On pg. 10 of _Elements of Magic - Mythic Earth_, you present an optional rule called Draining Magic which appears to show some promise.  However, when I was looking at it I noticed that an increase of 2 ranks in a magical skill negates 2 points of Strength burn, but every 2 levels of a spell increase the amount of burn by an average of 2.5.  Was this done intentionally?  I must admit that having a 20th-level, maxed-out caster take an average of 7 points of Strength burn for casting a level 23 spell (12d4 averaged to 30, minus 23 for the spellcasting ranks) has an intereseting flavour appeal, but was that your goal when making this rule, or should it scale properly as per an option such as 1d3 per 2 levels instead of 1d4?


----------



## RangerWickett (Oct 3, 2005)

It was actually inspired by similar rules in Grim Tales. The point of that optional rule is _not_ to keep the same power level. It's meant to make magic more dangerous. So a spellcaster with 23 ranks in a skill is only really safe when he casts spells of 12th level or lower (6d4, meaning that 1 in 4096 times he'll take 1 point of Strength drain).
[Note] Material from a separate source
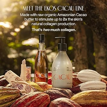 - Deeply Hydrated, Healthier Lips - Powered by Amazonian Cacau Experience long-lasting hydration and restored softness with Natura Ekos Cacau Lip Balm. Infused with raw, organic Amazonian Cacau butter, this balm stimulates up to twice the collagen production, helping to replenish dry, damaged lips while reinforcing your natural lip barrier.
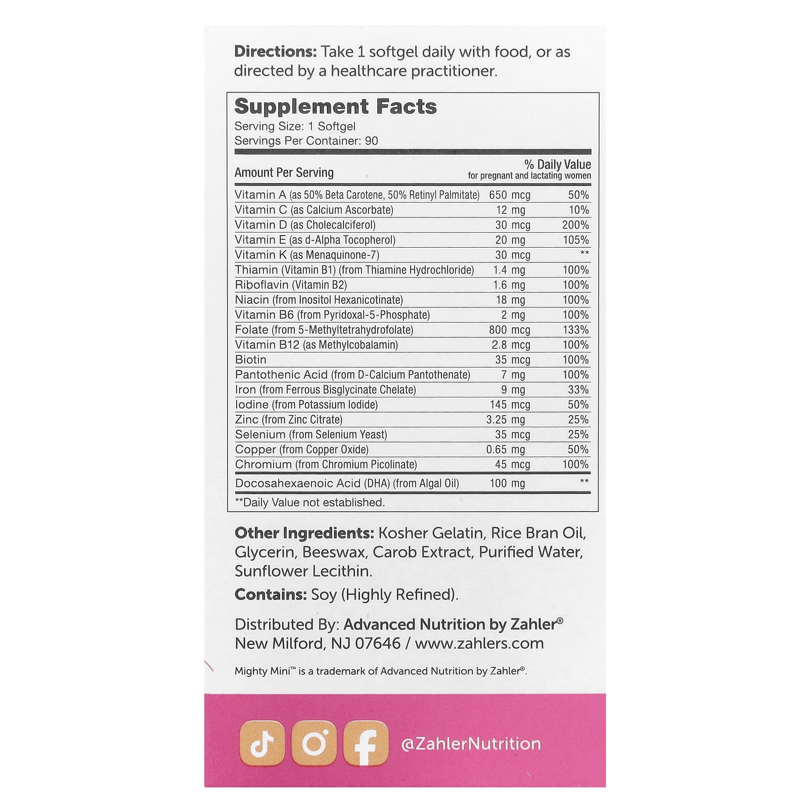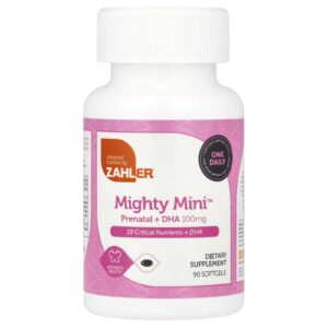 Zahler Mighty Mini ™ é um comprimido do tamanho de um litro e fácil de engolir que fornece um espectro completo de nutrientes essenciais + DHA, os quais são cruciais para você e seu bebê em desenvolvimento.

Of course, the book was geared primarily toward being used at 10th level or below. High level spellcasters have always been very powerful, but I had more room to wiggle and make things fun at low level. So a character with 13 ranks could probably cast 8th level spells without too much risk, which is about the same way it is in the basic rules: If you cast a spell of your highest normal level, you've got a good chance of failing, but if you cast something 5 levels lower than your normal limit, you're usually safe.


----------



## genshou (Oct 3, 2005)

RangerWickett said:
			
		

> It was actually inspired by similar rules in Grim Tales. The point of that optional rule is _not_ to keep the same power level. It's meant to make magic more dangerous. So a spellcaster with 23 ranks in a skill is only really safe when he casts spells of 12th level or lower (6d4, meaning that 1 in 4096 times he'll take 1 point of Strength drain).
> 
> Of course, the book was geared primarily toward being used at 10th level or below. High level spellcasters have always been very powerful, but I had more room to wiggle and make things fun at low level. So a character with 13 ranks could probably cast 8th level spells without too much risk, which is about the same way it is in the basic rules: If you cast a spell of your highest normal level, you've got a good chance of failing, but if you cast something 5 levels lower than your normal limit, you're usually safe.



The only problem I see with this is that ability burn takes days to heal, and it has a more negative impact on a character than the standard rules.  I'd prefer that ability burn heal at a faster rate, which I just may use as a house rule in my "Fantasy d20" _Mythic Earth_ game.  Just trying to figure out how it all works out mathematically and noticed that curious little fact.  Thanks for clearing that up.


----------